Carcinogenesis, Vol 18, 2155-2161, Copyright © 1997 by Oxford University Press
T Tanaka, K Kawabata, M Kakumoto, H Makita, A Hara, H Mori, K Satoh, A Hara, A Murakami, W Kuki, Y Takahashi, H Yonei, K Koshimizu and H Ohigashi
The modifying effect of dietary administration of auraptene isolated from
the peel of citrus fruit (Citrus natsudaidai Hayata) on the development of
azoxymethane (AOM)-induced colonic aberrant crypt foci (ACF) was
investigated in rats. Male F344 rats were given s.c. injections of AOM (15
mg/kg body wt) once a week for 3 weeks to induce ACF. They also received
diets containing 100 or 500 p.p.m. auraptene for 5 weeks, starting 1 week
before the first dose of AOM. At termination of the study (week 5) dietary
administration of auraptene caused a significant reduction in the frequency
of ACF in a dose- dependent manner (P < 0.05). Feeding of auraptene
suppressed expression of cell proliferation biomarkers
(5-bromo-2'-deoxyuridine labeling- index, ornithine decarboxylase activity,
polyamine content and number of silver stained nucleolar organizer region
protein particles) in the colonic mucosa and the occurrence of micronuclei
caused by AOM. Also, auraptene increased the activities of phase II enzymes
(glutathione S- transferase and quinone reductase) in the liver and colon.

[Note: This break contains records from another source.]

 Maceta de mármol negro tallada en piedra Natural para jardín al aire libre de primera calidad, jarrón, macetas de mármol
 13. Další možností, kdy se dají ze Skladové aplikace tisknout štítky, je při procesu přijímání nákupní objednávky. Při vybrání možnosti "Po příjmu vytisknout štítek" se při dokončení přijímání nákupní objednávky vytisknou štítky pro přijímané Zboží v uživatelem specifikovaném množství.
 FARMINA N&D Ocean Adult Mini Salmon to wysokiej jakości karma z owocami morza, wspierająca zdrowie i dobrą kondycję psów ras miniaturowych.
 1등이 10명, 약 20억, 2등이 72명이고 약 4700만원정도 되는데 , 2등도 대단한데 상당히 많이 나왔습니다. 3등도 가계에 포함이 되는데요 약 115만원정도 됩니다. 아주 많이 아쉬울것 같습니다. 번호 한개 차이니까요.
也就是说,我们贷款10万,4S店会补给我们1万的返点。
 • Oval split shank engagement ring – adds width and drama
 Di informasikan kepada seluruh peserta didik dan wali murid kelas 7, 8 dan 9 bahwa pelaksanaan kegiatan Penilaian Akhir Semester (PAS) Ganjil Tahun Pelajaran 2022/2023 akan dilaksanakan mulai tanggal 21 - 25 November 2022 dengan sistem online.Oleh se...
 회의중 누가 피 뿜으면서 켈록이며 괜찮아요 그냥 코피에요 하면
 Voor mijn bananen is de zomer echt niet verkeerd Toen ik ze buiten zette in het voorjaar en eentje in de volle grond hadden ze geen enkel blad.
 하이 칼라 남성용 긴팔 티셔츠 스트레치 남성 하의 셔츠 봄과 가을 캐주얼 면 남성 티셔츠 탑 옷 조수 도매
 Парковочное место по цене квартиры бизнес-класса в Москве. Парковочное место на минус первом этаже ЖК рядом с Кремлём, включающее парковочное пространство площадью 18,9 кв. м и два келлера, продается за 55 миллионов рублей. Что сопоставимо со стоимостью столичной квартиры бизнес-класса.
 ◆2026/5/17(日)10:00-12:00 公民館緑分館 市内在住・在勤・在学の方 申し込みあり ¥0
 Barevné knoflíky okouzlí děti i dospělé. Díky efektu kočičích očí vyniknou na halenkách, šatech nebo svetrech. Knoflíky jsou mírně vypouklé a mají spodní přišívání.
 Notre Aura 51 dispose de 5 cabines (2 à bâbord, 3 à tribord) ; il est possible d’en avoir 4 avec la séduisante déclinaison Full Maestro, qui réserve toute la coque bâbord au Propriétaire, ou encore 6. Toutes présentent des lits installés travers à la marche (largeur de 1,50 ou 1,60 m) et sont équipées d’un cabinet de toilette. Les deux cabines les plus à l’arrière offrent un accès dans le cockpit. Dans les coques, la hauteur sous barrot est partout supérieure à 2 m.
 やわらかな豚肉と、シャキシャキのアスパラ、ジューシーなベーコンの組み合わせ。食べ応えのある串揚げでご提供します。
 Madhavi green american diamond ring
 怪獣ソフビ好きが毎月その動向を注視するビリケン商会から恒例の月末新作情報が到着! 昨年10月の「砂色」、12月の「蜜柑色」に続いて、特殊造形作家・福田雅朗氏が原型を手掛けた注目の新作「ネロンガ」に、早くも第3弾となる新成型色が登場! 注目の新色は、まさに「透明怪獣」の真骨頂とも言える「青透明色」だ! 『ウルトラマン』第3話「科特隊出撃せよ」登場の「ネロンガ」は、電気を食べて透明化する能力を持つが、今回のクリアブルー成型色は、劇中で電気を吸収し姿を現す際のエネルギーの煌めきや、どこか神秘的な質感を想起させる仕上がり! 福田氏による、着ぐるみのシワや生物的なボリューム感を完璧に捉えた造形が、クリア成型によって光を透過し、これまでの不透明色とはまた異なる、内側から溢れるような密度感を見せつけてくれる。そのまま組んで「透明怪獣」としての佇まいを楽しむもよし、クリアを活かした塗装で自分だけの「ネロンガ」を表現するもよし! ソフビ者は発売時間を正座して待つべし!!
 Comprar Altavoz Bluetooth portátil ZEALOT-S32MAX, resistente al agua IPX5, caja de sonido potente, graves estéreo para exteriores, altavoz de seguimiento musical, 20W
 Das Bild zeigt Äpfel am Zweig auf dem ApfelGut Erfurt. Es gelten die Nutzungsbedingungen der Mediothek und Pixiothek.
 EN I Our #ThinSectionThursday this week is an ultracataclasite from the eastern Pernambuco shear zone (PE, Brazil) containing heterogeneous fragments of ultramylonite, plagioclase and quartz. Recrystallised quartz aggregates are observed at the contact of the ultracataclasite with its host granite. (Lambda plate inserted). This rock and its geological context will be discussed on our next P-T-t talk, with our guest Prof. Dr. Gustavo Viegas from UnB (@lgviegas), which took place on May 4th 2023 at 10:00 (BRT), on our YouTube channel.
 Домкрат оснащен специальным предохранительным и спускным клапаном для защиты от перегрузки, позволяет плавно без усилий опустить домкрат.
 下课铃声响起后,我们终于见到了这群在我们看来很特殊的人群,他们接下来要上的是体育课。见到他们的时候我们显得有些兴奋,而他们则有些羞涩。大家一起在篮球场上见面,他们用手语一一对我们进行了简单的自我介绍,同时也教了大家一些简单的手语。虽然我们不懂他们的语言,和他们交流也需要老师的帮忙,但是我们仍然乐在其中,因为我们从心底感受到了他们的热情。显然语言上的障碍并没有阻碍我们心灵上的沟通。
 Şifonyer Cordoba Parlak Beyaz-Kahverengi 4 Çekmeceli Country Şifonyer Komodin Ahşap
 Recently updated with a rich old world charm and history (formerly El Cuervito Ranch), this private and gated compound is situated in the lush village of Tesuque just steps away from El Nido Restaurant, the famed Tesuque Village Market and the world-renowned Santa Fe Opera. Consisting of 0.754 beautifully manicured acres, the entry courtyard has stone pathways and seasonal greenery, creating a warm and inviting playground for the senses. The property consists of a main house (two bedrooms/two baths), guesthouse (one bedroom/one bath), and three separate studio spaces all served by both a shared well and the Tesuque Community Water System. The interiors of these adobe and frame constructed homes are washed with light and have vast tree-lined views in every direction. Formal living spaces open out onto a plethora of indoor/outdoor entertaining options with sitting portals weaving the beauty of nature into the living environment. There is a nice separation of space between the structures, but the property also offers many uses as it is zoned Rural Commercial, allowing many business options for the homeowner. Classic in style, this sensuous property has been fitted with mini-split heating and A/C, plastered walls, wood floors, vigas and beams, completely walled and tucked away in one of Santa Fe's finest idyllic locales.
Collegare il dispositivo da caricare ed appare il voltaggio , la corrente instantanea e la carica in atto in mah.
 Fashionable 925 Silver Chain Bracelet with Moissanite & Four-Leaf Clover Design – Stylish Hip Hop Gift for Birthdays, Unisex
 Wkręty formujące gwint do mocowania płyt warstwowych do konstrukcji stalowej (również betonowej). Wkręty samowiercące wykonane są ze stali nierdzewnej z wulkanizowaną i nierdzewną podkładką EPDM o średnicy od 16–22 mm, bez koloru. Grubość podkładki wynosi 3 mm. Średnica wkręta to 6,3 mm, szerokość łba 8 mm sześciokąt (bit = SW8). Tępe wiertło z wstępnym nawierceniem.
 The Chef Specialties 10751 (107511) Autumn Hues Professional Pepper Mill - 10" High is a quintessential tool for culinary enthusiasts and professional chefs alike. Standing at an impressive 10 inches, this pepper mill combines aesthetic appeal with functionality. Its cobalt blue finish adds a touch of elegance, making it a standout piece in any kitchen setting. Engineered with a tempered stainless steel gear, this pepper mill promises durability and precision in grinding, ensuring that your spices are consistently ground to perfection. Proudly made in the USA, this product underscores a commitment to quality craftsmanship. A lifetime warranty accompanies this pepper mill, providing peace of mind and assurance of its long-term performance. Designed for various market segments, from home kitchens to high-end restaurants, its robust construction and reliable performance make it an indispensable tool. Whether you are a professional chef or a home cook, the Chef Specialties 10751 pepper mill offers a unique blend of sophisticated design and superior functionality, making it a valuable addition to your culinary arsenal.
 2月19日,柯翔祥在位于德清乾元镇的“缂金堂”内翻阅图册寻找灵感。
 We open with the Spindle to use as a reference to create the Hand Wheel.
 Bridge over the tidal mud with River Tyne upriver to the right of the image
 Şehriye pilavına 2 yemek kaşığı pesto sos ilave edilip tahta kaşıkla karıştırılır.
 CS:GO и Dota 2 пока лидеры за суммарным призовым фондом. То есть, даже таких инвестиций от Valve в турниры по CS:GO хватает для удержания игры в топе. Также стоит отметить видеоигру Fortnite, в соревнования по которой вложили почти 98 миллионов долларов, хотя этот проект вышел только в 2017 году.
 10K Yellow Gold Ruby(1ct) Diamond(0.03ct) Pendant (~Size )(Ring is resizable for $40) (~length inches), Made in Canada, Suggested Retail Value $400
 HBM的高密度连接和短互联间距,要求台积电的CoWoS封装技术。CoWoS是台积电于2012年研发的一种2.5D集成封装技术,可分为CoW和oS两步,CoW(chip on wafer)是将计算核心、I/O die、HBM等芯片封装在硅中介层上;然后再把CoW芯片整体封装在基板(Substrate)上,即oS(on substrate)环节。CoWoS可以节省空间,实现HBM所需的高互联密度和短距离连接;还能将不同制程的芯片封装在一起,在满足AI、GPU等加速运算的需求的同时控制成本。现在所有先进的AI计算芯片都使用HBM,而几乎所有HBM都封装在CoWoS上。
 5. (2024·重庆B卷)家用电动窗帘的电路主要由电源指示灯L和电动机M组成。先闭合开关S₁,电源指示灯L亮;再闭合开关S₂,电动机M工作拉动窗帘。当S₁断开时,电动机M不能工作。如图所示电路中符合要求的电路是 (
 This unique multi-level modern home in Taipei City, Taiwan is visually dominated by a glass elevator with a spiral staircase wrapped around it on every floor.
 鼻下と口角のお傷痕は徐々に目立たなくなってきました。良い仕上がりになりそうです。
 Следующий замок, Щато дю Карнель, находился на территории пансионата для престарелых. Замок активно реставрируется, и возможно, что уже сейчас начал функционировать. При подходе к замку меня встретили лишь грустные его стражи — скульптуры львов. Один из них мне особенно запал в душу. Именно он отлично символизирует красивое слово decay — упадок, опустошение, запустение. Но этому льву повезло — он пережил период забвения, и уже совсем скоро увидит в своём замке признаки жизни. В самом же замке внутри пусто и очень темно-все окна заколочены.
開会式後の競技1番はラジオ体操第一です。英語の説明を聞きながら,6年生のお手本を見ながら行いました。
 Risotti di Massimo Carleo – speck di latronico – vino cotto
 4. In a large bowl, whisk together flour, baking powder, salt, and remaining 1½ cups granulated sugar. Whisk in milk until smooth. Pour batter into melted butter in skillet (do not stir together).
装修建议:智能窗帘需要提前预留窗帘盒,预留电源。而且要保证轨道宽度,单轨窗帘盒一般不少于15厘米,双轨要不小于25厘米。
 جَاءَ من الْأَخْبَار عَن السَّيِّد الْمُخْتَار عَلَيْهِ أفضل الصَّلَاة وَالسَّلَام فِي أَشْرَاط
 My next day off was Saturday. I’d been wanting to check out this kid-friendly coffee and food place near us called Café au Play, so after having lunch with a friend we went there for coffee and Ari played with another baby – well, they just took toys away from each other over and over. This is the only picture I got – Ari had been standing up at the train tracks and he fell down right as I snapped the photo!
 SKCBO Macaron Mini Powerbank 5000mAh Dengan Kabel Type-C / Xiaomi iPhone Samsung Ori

These findings might suggest that inhibition of AOM-induced ACF may be
associated, in part, with increased activity of phase II enzymes in the
liver and colon and suppression of cell proliferation in the colonic
mucosa.
ARTICLES
Citrus auraptene inhibits chemically induced colonic aberrant crypt foci in male F344 rats
First Department of Pathology, Gifu University School of Medicine, Japan.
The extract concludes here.